Unfortunately, the dialogue is the only thing, until the final twenty minutes of the film, which is relied upon to carry the movie. There are scenes of extensive dialogue to justify and explain the religious themes and archetypal religious characters, but the exposition is just insultingly blatant and spoon-fed. And when the film does attempt to present actions over words, it’s equally as stodgy, but lost without its supportive backbone structure of having somebody literally explain it to you. There’s a scene in a strip club (of course) because Jay has to prove that he isn’t gay (…) which sees Jay and Bob engage in a bidding war against a group of guys to win the Salma Hayek-played stripper over. The sequence is just strange as every time a bid is made and the stripper is swayed towards them, an unusual sound effect plays that suggests that something isn’t right. To heighten the tensity, the shot reversal shows a particular member of the rival group looking furious, concealing his face. The rivalry continues and abruptly ends, the punchline being that Bob has loads of cash and wins Hayek. And then nothing happens. In fact, they become friends with the other group. The guy who looks like he wants to kill them both now doesn’t. The whole sequence stumbles to and end and lands so awkwardly that you actually have to work to figure out what is going on: Is this a joke? Is this a serious scene? Is this important? Is it an excuse to get Salma Hayek naked? Am I over-thinking this? Apparently, probably not, nope, probably yes, and yes. There’s another scene that takes place on a bus near the beginning of the film where Loki shoots and kills a man who is cheating on his wife. We watch the bus screech to a halt and then watch every single passenger get off, before seeing the “punchline”, which is Loki singing. Honestly, the comedic editing in Dogma isn’t dissimilar to scenes in The Room: awkwardly paced, downright confusing and either excessively under-or-over expositional.

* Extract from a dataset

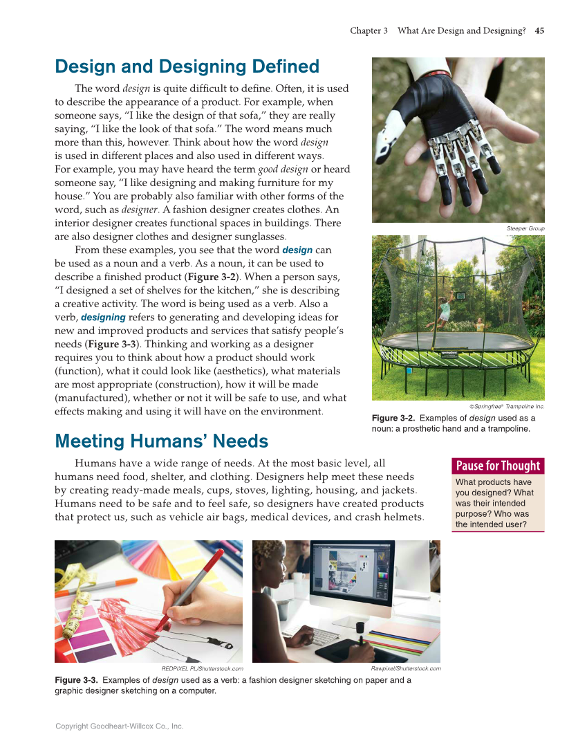 Chapter 3 What Are Design and Designing? 45 Copyright Goodheart-Willcox Co., Inc. Design and Designing Defined The word design is quite diffi cult to defi ne. Often, it is used to describe the appearance of a product. For example, when someone says, “I like the design of that sofa,” they are really saying, “I like the look of that sofa.” The word means much more than this, however. Think about how the word design is used in different places and also used in different ways. For example, you may have heard the term good design or heard someone say, “I like designing and making furniture for my house.” You are probably also familiar with other forms of the word, such as designer. A fashion designer creates clothes. An interior designer creates functional spaces in buildings. There are also designer clothes and designer sunglasses. From these examples, you see that the word design can be used as a noun and a verb. As a noun, it can be used to describe a fi nished product (Figure 3-2). When a person says, “I designed a set of shelves for the kitchen,” she is describing a creative activity. The word is being used as a verb. Also a verb, designing refers to generating and developing ideas for new and improved products and services that satisfy people’s needs (Figure 3-3). Thinking and working as a designer requires you to think about how a product should work (function), what it could look like (aesthetics), what materials are most appropriate (construction), how it will be made (manufactured), whether or not it will be safe to use, and what effects making and using it will have on the environment. Meeting Humans’ Needs Humans have a wide range of needs. At the most basic level, all humans need food, shelter, and clothing. Designers help meet these needs by creating ready-made meals, cups, stoves, lighting, housing, and jackets. Humans need to be safe and to feel safe, so designers have created products that protect us, such as vehicle air bags, medical devices, and crash helmets. Pause for Thought What products have you designed? What was their intended purpose? Who was the intended user? ©Springfree® Trampoline Inc. Figure 3-2. Examples of design used as a noun: a prosthetic hand and a trampoline. Steeper Group Rawpixel/Shutterstock.com Figure 3-3. Examples of design used as a verb: a fashion designer sketching on paper and a graphic designer sketching on a computer. REDPIXEL PL/Shutterstock.com

A high-calibre cast cannot save Dogma from being unrelentingly tedious and dull. It’s a two-hour fest of characters waiting to be asked something that will allow them to explain their characters in detail for the rest of the film, without actually doing anything. It saves its energy for an anticlimactic twenty-minute showdown, but by then it’s too late to be even slightly redeemable, having already collapsed under its ambitious weight of blending blasphemy with moral righteousness, political comedy with fart jokes. I appreciate that I’m an odd one out given how beloved this film is to its cult fanbase, but it baffles me that Dogma isn’t as divisive as its religion-themed source material.